300-500 mg/day to decrease inflammation and soreness
Glucsosamine and chondroitin sulfate
May reduce pain and stiffness. May take 2 months to see results and can cause indigestion and nausea. Glucosamine may be contraindicated for diabetics and chondrotin should not be used by hemophiliacs or those on aspirin or blood thinners. The dosage is Glucosamine: 500 mg three times a day and Chondroitin sulfate: 400 mg three times a day. Reliable brands include:
Nutramax Cosimin DS
Sundown Osteo Bi-Flex
Thompson Gluco-Pro 900
Twinlab Maxlife GS/CS Formula
DANGEROUS SUPPLEMENTS
GBL/GHB ( Gamma butyrolactone and gamma hydroxy butryric acid) sold as Rest-Eze, Blue Nitro, Revivarant G, Ecstasy, GH Revitalizer, GHR, Remforce, Renewtrient, Gamma G. To date, use of these products has resulted in 3 deaths and 100 adverse reactions including coma and breathing difficulties. Starcaps ( TONE) contain large doses of furosemide or Lasix, a prescribed diuretic.

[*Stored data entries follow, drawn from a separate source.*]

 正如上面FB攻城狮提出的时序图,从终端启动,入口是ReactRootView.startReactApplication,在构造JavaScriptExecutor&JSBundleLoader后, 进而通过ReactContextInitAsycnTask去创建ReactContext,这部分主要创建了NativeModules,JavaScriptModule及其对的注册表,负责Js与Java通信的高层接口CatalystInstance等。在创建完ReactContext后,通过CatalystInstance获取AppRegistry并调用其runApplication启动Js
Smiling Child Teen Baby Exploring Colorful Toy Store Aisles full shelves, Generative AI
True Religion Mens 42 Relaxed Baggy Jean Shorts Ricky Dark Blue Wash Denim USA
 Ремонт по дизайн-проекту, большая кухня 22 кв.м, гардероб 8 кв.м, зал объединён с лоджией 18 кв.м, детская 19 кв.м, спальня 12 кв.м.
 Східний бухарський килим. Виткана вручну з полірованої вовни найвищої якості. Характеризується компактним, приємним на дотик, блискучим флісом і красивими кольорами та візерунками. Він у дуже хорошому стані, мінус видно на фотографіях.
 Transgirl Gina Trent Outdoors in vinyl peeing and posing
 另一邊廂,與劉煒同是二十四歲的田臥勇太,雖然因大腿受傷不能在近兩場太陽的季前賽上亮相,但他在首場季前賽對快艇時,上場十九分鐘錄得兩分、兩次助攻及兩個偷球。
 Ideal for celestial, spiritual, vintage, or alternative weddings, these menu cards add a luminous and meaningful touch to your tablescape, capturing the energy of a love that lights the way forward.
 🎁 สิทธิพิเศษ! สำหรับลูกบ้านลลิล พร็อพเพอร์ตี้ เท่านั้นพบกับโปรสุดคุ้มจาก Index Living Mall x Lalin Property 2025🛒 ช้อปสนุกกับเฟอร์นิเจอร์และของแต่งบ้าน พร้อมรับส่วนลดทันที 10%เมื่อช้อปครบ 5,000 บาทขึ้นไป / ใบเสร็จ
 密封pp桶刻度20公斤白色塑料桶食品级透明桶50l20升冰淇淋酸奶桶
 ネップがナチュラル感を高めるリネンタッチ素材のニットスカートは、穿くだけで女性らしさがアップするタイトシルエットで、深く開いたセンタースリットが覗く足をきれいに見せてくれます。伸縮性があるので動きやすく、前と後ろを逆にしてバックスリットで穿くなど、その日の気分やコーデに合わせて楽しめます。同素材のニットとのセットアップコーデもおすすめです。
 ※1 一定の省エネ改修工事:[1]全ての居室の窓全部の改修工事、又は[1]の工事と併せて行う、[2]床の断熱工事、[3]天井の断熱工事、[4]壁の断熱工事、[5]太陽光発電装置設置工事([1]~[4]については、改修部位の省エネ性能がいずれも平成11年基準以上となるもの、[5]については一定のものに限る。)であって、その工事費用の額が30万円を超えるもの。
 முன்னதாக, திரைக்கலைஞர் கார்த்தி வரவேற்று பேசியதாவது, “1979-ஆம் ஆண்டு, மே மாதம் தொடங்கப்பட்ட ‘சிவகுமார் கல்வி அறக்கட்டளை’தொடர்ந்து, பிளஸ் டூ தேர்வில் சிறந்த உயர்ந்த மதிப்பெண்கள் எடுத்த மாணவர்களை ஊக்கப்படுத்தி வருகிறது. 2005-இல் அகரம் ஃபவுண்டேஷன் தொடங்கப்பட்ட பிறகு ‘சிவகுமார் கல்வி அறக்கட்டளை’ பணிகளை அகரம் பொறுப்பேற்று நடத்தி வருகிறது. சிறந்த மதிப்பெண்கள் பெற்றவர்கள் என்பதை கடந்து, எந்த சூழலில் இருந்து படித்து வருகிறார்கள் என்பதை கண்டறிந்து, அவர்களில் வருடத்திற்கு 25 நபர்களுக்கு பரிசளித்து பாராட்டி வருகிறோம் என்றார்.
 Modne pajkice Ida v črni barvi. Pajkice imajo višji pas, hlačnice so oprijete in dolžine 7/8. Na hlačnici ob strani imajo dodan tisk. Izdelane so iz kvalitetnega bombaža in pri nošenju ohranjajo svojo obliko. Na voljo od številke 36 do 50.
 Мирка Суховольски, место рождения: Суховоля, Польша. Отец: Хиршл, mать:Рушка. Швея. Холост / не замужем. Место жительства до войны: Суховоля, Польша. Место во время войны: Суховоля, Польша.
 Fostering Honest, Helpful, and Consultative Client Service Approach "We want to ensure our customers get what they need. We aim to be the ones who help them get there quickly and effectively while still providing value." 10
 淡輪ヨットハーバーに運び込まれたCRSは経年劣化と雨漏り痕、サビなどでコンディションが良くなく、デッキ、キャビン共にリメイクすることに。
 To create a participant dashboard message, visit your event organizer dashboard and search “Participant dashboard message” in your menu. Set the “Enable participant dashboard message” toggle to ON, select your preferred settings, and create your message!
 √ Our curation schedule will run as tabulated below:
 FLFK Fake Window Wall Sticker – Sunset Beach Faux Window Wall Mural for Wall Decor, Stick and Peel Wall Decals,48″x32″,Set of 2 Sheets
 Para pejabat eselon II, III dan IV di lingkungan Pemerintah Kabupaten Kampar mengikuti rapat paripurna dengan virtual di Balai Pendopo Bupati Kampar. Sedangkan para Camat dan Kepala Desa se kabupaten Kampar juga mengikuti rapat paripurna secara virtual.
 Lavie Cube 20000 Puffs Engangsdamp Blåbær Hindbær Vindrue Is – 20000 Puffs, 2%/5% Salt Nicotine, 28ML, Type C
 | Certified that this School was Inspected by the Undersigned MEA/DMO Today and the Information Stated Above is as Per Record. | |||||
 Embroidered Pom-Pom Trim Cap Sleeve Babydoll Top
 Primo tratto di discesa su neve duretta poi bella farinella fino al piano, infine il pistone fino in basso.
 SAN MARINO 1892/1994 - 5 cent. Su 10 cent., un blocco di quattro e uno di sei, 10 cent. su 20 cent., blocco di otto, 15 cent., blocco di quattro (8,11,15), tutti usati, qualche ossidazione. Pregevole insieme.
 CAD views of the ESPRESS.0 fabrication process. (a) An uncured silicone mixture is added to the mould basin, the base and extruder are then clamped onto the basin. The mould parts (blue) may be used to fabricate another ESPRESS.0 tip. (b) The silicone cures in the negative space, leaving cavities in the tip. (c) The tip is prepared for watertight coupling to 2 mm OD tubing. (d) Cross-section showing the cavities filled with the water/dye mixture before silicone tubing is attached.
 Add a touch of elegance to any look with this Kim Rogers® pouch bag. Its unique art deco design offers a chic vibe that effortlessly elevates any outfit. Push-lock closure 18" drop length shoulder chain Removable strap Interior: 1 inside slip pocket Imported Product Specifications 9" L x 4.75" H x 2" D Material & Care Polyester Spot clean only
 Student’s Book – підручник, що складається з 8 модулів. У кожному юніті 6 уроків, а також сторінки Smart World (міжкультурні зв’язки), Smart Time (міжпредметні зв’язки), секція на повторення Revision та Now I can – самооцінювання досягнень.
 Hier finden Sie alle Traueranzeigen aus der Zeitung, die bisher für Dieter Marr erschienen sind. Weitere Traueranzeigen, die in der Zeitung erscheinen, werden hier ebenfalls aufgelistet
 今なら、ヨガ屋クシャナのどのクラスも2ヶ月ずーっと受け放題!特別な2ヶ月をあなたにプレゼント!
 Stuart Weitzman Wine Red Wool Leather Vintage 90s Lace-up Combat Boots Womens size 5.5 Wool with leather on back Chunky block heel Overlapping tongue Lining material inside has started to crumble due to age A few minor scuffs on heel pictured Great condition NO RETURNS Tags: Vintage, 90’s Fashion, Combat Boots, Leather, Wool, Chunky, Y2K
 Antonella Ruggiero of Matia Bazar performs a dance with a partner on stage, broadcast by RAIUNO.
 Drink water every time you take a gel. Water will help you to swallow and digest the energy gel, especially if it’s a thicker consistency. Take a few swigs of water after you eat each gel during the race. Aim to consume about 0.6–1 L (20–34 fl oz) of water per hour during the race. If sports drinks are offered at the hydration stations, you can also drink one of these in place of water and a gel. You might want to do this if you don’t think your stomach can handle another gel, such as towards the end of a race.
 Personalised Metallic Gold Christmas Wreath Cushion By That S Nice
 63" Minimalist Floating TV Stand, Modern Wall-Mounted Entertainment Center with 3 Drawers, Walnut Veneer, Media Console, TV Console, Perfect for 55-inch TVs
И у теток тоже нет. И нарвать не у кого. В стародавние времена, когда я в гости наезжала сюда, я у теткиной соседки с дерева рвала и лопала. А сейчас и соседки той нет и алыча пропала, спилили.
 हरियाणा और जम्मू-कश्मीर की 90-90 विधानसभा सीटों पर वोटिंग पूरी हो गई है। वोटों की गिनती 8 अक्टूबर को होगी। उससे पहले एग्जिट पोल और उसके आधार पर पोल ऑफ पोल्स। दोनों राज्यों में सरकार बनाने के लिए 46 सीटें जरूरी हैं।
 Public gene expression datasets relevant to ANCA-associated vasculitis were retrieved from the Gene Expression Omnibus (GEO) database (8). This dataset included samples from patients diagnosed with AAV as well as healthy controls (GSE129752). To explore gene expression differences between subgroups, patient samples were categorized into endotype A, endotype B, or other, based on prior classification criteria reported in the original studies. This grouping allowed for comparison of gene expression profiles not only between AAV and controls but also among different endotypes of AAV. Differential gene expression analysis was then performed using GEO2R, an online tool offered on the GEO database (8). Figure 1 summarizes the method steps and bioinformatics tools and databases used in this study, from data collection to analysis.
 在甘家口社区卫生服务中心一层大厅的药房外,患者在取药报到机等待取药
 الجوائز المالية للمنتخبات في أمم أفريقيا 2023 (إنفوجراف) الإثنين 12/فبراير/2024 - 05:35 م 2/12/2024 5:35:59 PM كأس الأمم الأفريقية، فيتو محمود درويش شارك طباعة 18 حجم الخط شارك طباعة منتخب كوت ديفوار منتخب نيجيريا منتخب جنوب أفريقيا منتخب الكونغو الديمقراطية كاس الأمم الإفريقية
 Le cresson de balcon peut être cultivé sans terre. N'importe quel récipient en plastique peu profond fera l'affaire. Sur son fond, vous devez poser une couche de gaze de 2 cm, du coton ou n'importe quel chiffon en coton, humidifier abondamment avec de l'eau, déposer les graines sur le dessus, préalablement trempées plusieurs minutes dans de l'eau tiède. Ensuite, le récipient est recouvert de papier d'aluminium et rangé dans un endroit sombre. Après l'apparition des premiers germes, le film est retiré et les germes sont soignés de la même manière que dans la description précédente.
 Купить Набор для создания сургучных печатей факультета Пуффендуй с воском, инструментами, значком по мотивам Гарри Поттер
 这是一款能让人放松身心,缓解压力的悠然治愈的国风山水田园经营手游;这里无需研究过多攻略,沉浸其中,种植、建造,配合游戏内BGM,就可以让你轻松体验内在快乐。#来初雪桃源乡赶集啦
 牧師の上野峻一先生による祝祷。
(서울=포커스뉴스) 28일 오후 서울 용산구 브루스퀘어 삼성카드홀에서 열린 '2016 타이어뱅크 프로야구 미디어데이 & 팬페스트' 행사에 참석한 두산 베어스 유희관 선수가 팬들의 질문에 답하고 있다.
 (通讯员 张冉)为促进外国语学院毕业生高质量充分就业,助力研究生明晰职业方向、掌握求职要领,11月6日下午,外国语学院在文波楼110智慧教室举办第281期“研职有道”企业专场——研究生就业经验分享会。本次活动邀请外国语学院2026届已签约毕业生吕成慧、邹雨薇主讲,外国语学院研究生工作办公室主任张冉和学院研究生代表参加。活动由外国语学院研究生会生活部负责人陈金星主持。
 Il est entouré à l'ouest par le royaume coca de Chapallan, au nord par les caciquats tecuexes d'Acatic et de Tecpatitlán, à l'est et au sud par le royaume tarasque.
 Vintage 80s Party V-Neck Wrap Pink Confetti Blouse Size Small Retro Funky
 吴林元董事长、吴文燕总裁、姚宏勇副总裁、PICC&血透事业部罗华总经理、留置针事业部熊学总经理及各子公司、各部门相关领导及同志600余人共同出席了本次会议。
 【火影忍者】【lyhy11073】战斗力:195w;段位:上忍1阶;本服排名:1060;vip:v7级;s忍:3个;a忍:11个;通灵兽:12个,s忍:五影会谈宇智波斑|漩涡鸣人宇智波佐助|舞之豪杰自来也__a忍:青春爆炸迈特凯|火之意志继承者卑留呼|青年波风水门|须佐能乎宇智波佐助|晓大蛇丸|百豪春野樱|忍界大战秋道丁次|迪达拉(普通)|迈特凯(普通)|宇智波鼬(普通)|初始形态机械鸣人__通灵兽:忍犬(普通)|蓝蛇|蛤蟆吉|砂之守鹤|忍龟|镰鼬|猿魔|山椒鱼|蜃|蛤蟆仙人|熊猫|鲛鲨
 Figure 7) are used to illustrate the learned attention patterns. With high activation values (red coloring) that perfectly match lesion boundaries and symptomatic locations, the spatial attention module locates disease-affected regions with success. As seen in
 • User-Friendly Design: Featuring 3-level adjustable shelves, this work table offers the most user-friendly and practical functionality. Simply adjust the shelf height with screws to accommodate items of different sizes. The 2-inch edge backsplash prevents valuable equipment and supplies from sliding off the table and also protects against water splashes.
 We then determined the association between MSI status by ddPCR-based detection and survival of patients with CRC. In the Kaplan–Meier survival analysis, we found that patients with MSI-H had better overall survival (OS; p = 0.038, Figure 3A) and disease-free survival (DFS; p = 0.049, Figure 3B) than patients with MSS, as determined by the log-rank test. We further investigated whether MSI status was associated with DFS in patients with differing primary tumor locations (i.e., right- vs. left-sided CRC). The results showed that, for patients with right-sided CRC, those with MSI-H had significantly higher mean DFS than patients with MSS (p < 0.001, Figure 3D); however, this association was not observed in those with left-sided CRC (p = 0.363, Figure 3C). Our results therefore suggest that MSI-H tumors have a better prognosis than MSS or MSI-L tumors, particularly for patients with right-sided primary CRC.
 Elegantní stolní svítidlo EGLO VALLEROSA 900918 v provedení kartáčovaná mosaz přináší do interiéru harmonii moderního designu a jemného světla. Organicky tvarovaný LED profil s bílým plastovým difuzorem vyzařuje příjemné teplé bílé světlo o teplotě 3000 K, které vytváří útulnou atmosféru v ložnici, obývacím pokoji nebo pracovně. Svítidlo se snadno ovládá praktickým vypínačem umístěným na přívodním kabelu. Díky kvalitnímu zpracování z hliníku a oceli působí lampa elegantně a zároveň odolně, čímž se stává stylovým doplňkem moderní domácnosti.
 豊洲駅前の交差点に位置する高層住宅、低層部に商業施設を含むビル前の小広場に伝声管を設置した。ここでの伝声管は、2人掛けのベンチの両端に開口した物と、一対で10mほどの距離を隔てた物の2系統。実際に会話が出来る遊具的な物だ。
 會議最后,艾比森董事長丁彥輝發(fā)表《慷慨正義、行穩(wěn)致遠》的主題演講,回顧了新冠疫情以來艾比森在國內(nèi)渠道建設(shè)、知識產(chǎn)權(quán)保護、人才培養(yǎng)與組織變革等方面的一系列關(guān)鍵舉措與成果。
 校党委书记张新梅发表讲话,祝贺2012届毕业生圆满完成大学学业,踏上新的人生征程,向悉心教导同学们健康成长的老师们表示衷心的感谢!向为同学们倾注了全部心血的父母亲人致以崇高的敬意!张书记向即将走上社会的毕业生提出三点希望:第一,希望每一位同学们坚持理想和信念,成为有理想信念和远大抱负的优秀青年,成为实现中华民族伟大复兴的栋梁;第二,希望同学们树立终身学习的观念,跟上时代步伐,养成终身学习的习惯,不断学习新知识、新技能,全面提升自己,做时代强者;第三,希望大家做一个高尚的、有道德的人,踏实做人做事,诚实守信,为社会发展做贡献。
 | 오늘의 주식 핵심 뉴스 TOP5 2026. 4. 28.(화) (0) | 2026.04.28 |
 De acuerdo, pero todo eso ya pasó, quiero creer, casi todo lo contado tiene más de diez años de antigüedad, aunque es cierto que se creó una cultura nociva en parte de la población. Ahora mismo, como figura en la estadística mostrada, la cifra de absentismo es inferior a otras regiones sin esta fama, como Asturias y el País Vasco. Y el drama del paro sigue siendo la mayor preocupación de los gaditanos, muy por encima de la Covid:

The following suggestions are applicable to health care providers working with athletes:
- Ask clients what they take and dose and frequency
- Ask to see the label of the product
- Document the information in the medical record
- Inquire re hydration tactics and eating habits
- Encourage clients to try only one product at a time
- Advise the athlete to discontinue supplement use if he/she notices any unusual dizziness, stomach upset, or headaches
- Be familiar with supplements
There are some excellent web sites on supplements: Listed are some of the most reputable:
www.gssiweb.com ( Gatorade Sports Science Institute web site)
http://dietary-supplements.info.nih.gov (Office of Dietary Supplements (NIH))
www.HerbMed.org
info@drugfreesport.com National Center for Drug Free Sports
www.consumerlab.com To test the purity of supplements
Supplements will continue to be a booming business as the athlete continues to search for ways to reach the top. To help our athletes/clients to achieve their potential, it is essential to be informed as to what and why athletes take supplements and provide factual, applicable information the athlete can use to enhance, not detract from performance.